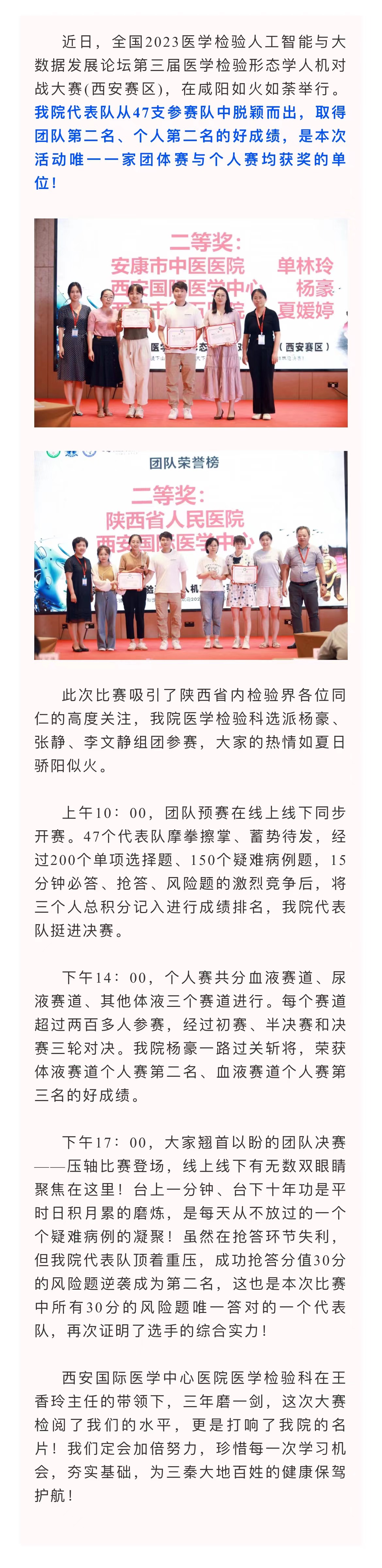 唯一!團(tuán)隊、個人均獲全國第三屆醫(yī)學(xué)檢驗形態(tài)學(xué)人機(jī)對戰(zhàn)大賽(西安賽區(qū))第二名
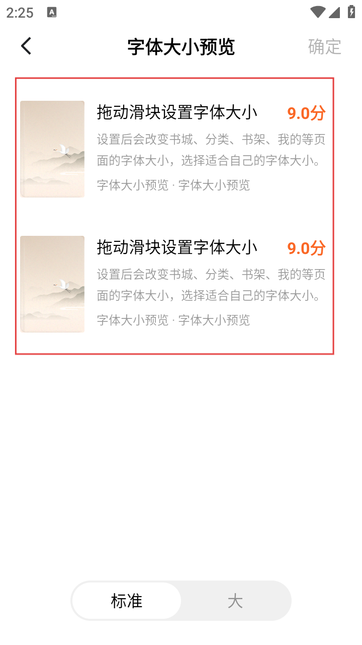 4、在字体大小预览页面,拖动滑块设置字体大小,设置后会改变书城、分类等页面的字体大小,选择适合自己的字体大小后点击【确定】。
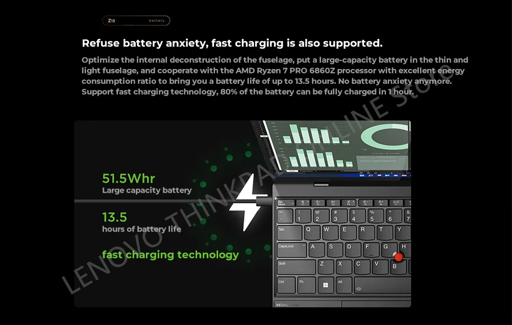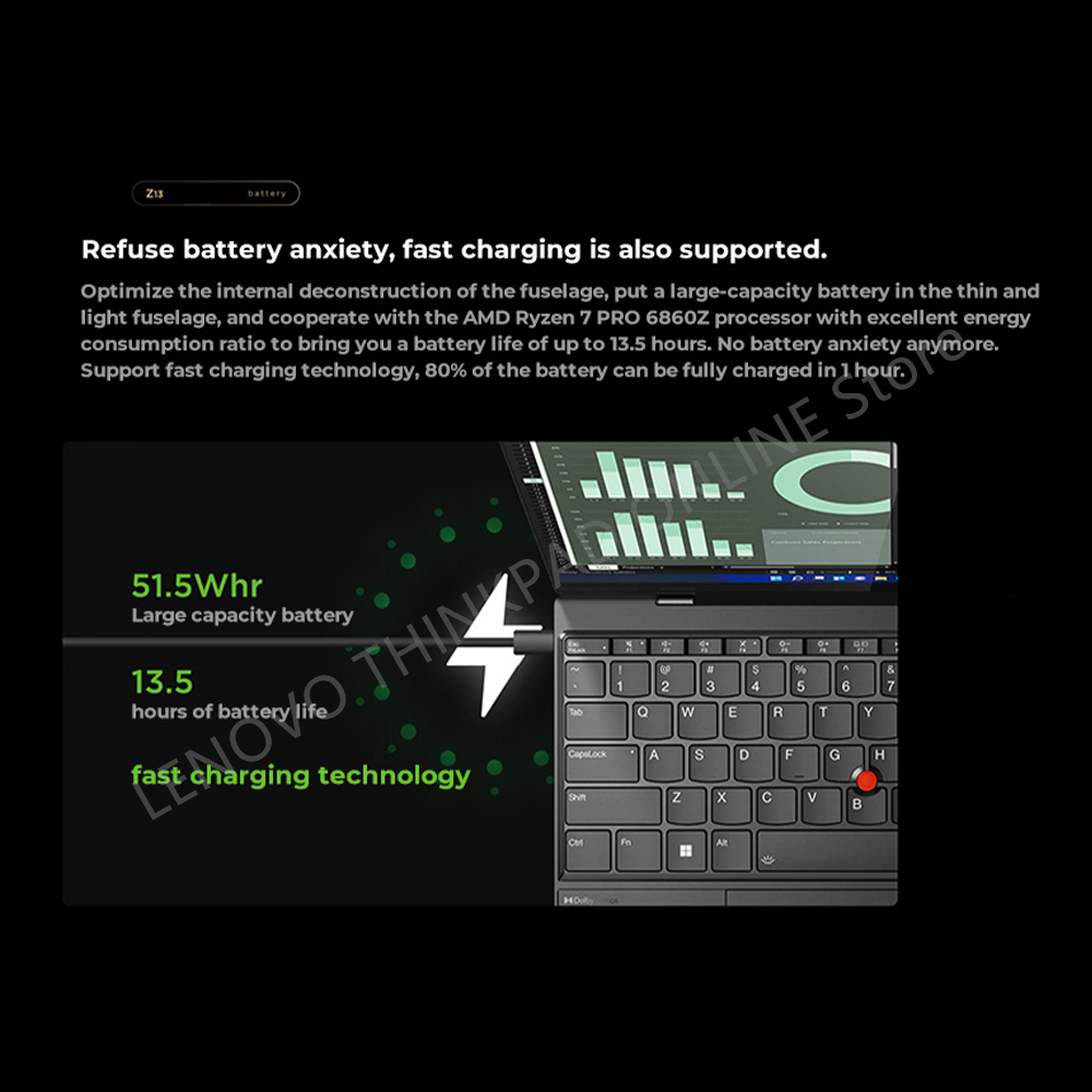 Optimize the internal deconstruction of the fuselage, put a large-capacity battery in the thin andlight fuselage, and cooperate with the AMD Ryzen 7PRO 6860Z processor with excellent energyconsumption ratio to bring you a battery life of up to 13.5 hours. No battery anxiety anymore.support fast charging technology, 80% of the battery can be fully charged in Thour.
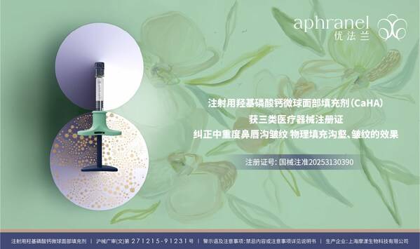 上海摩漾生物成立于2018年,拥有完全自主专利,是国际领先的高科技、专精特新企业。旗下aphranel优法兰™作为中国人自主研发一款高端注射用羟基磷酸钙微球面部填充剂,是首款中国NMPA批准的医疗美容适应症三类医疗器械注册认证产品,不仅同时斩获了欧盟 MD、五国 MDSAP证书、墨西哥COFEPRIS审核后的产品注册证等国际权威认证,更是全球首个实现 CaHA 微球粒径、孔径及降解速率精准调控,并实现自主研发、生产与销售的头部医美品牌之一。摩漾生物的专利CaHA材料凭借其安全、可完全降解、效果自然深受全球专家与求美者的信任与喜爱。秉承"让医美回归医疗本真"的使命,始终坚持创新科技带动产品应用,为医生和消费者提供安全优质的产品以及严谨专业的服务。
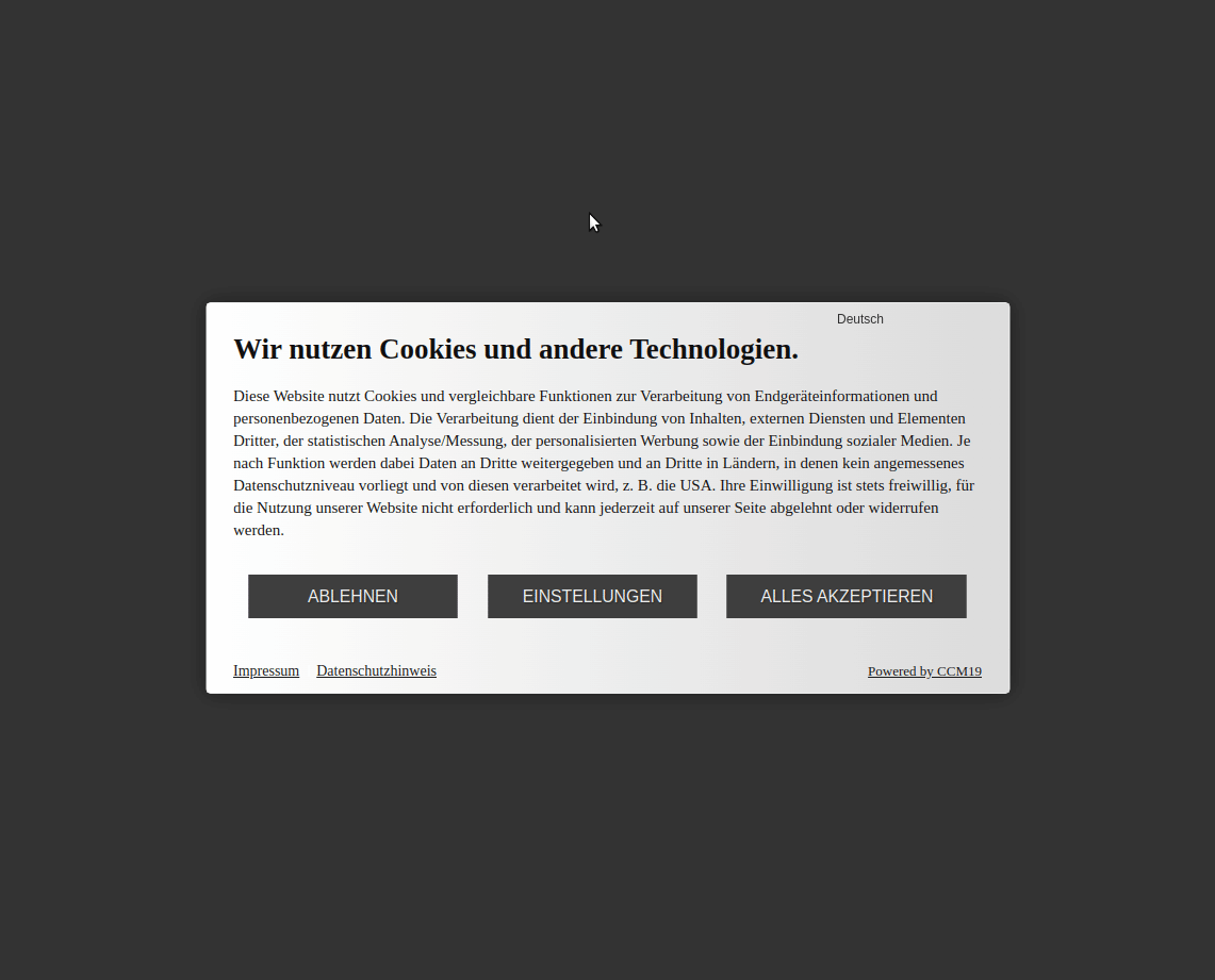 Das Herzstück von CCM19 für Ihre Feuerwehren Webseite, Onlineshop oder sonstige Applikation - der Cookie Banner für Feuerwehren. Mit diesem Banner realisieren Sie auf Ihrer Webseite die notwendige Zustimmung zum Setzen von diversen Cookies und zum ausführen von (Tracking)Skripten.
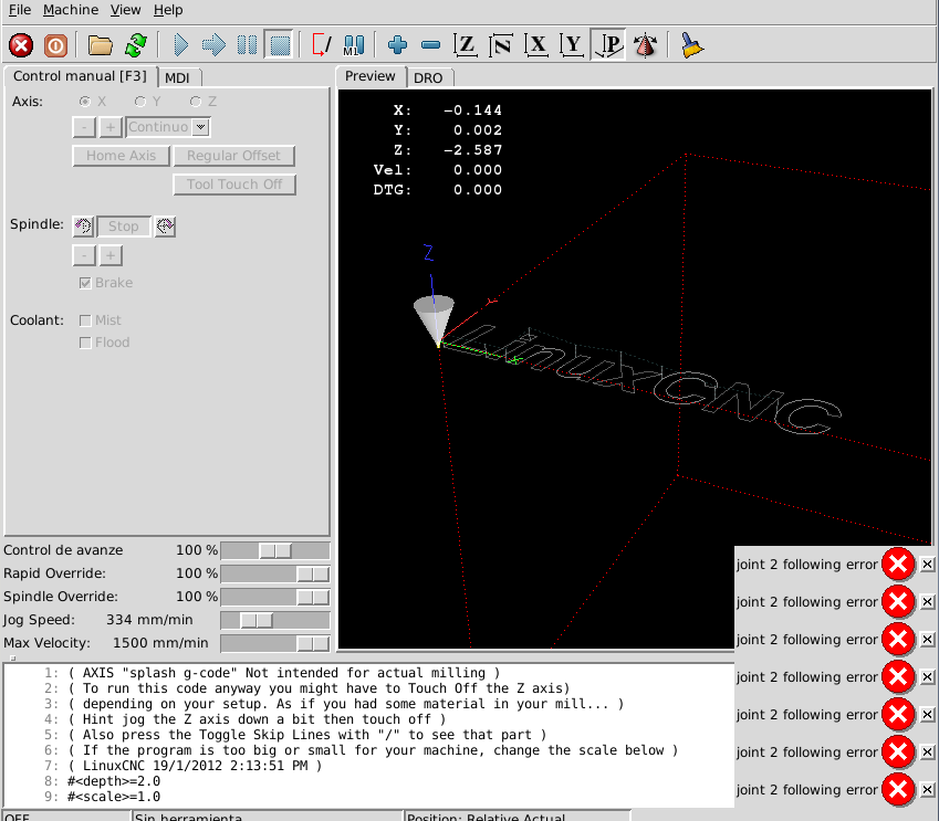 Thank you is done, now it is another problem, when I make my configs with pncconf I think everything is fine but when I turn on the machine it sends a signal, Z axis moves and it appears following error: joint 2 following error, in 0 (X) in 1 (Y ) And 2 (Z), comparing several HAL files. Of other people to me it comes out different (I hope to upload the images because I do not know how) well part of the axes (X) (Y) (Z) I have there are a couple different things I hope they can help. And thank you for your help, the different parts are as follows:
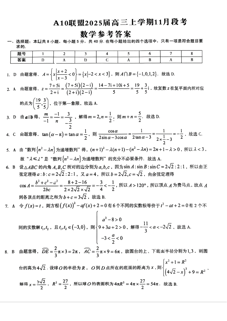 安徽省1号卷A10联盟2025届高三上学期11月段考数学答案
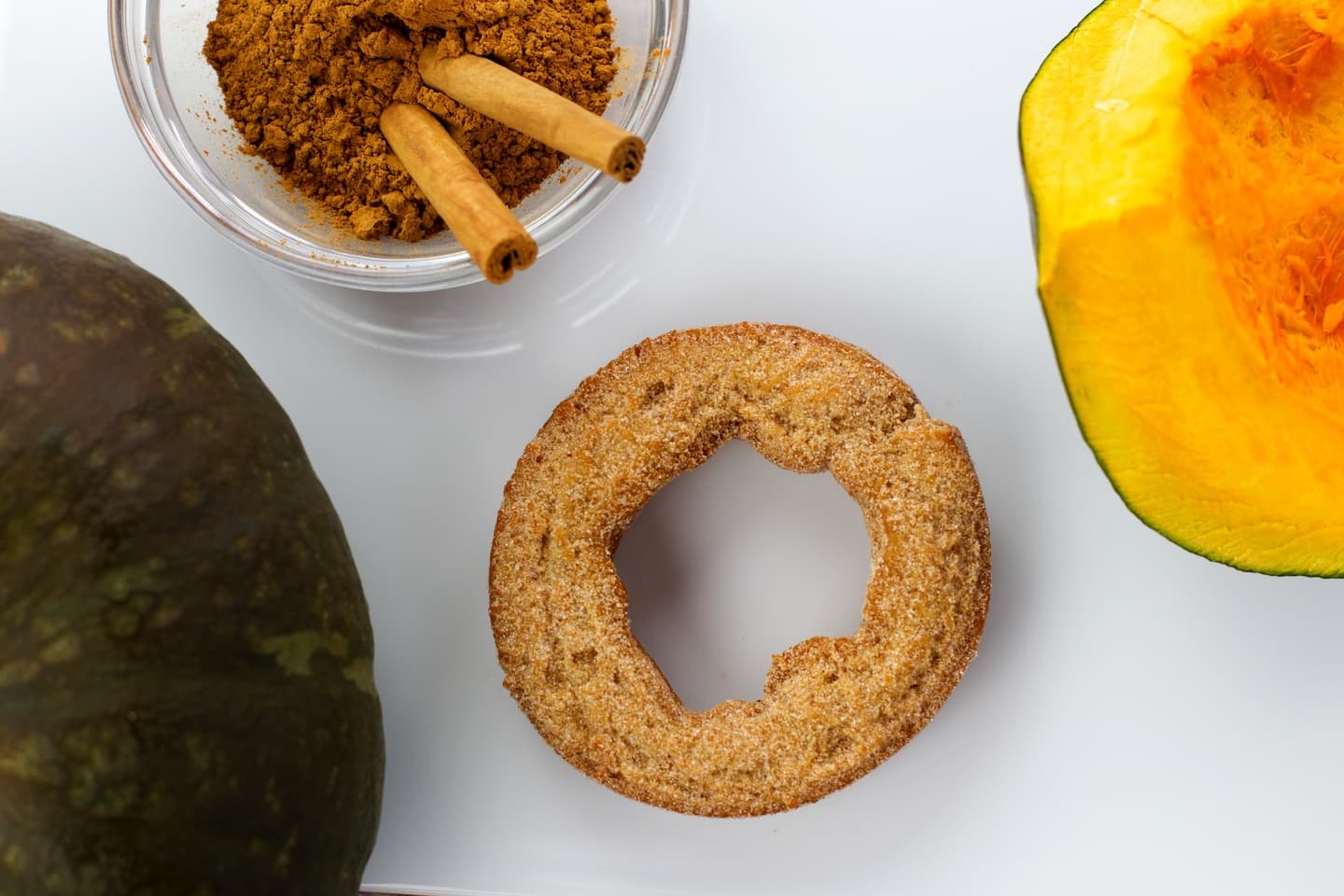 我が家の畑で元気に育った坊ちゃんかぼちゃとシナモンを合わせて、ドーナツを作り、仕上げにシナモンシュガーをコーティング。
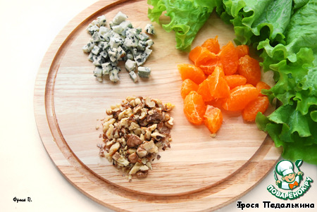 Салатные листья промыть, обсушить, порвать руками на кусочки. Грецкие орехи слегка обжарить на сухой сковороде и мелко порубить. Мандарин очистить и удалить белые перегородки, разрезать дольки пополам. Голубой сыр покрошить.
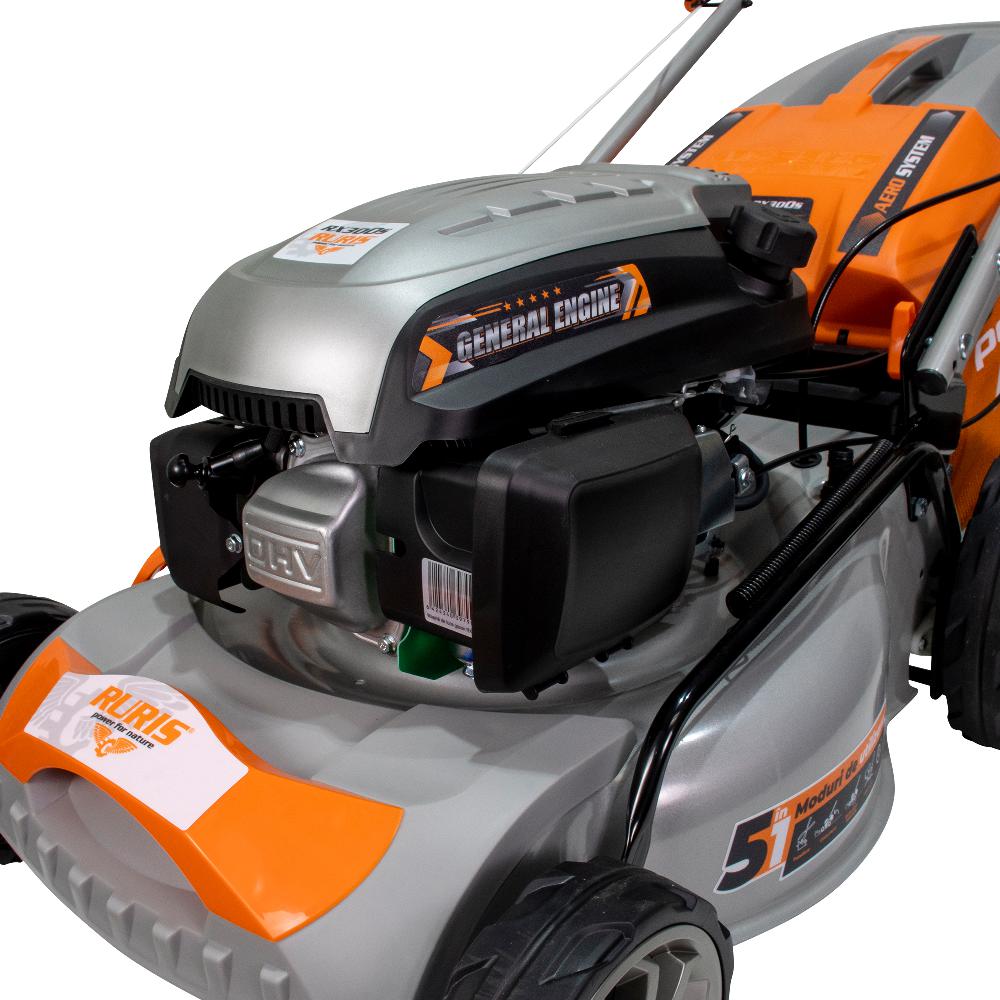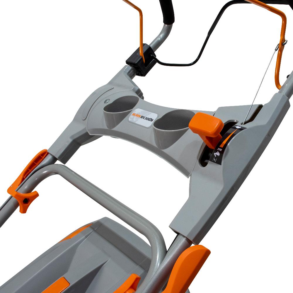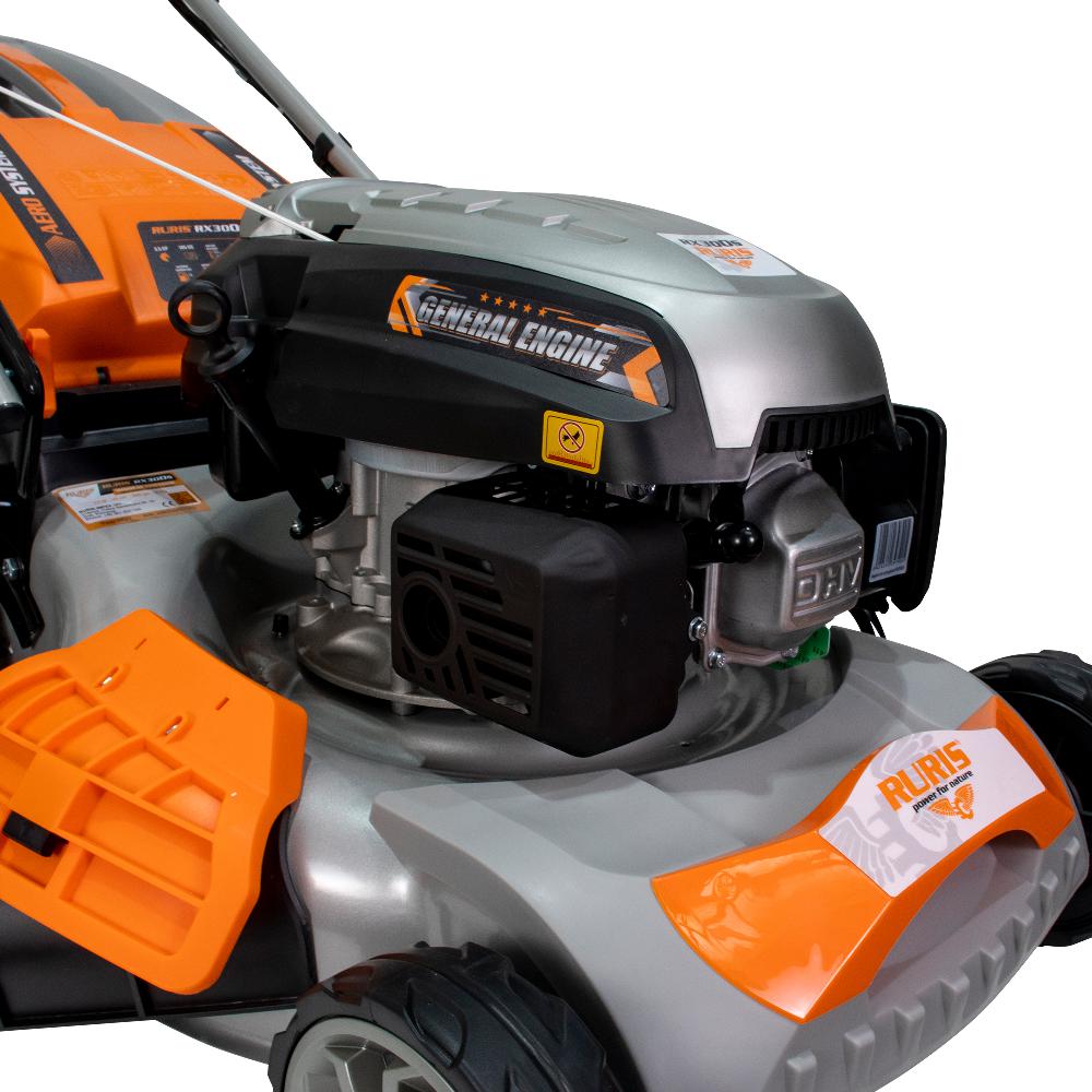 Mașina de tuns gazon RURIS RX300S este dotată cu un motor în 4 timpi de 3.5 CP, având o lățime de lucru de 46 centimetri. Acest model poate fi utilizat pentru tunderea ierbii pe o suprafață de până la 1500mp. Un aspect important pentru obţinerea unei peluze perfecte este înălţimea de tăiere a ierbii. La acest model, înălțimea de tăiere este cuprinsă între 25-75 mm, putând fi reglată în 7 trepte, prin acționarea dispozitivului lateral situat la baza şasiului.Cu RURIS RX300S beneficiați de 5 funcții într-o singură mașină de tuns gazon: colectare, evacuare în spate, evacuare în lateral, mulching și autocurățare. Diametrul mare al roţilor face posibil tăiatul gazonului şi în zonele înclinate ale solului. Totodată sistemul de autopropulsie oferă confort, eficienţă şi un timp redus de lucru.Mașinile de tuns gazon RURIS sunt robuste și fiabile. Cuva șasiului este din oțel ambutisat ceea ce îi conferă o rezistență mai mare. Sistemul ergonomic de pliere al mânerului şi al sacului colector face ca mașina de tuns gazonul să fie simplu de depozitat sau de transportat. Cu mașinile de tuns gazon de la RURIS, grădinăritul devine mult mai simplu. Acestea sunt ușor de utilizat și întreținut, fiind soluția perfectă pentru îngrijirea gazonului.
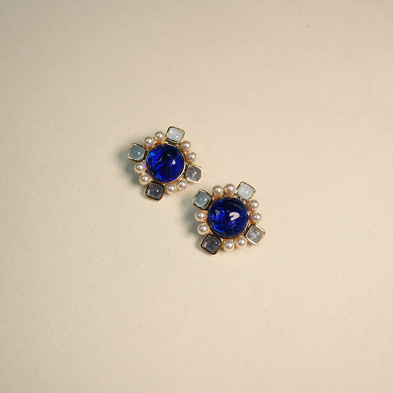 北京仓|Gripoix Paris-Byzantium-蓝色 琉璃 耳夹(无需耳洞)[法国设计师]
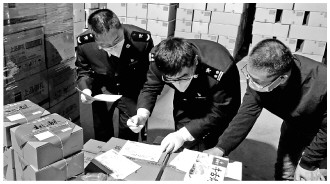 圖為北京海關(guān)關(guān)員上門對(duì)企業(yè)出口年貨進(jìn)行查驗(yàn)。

* * * *

### What needs to be done
Every line from the start of the listing above through the line with "MD、五国 MDSAP证书、墨西哥COFEPRIS审核后的产品注册证等国际权威认证,更是全球首个实现 CaHA" should be repeated exactly; skip the pictures and add nothing else.

### Answer
 唯一!團(tuán)隊、個人均獲全國第三屆醫(yī)學(xué)檢驗形態(tài)學(xué)人機(jī)對戰(zhàn)大賽(西安賽區(qū))第二名
 4、在字体大小预览页面,拖动滑块设置字体大小,设置后会改变书城、分类等页面的字体大小,选择适合自己的字体大小后点击【确定】。
 Optimize the internal deconstruction of the fuselage, put a large-capacity battery in the thin andlight fuselage, and cooperate with the AMD Ryzen 7PRO 6860Z processor with excellent energyconsumption ratio to bring you a battery life of up to 13.5 hours. No battery anxiety anymore.support fast charging technology, 80% of the battery can be fully charged in Thour.
 上海摩漾生物成立于2018年,拥有完全自主专利,是国际领先的高科技、专精特新企业。旗下aphranel优法兰™作为中国人自主研发一款高端注射用羟基磷酸钙微球面部填充剂,是首款中国NMPA批准的医疗美容适应症三类医疗器械注册认证产品,不仅同时斩获了欧盟 MD、五国 MDSAP证书、墨西哥COFEPRIS审核后的产品注册证等国际权威认证,更是全球首个实现 CaHA 微球粒径、孔径及降解速率精准调控,并实现自主研发、生产与销售的头部医美品牌之一。摩漾生物的专利CaHA材料凭借其安全、可完全降解、效果自然深受全球专家与求美者的信任与喜爱。秉承"让医美回归医疗本真"的使命,始终坚持创新科技带动产品应用,为医生和消费者提供安全优质的产品以及严谨专业的服务。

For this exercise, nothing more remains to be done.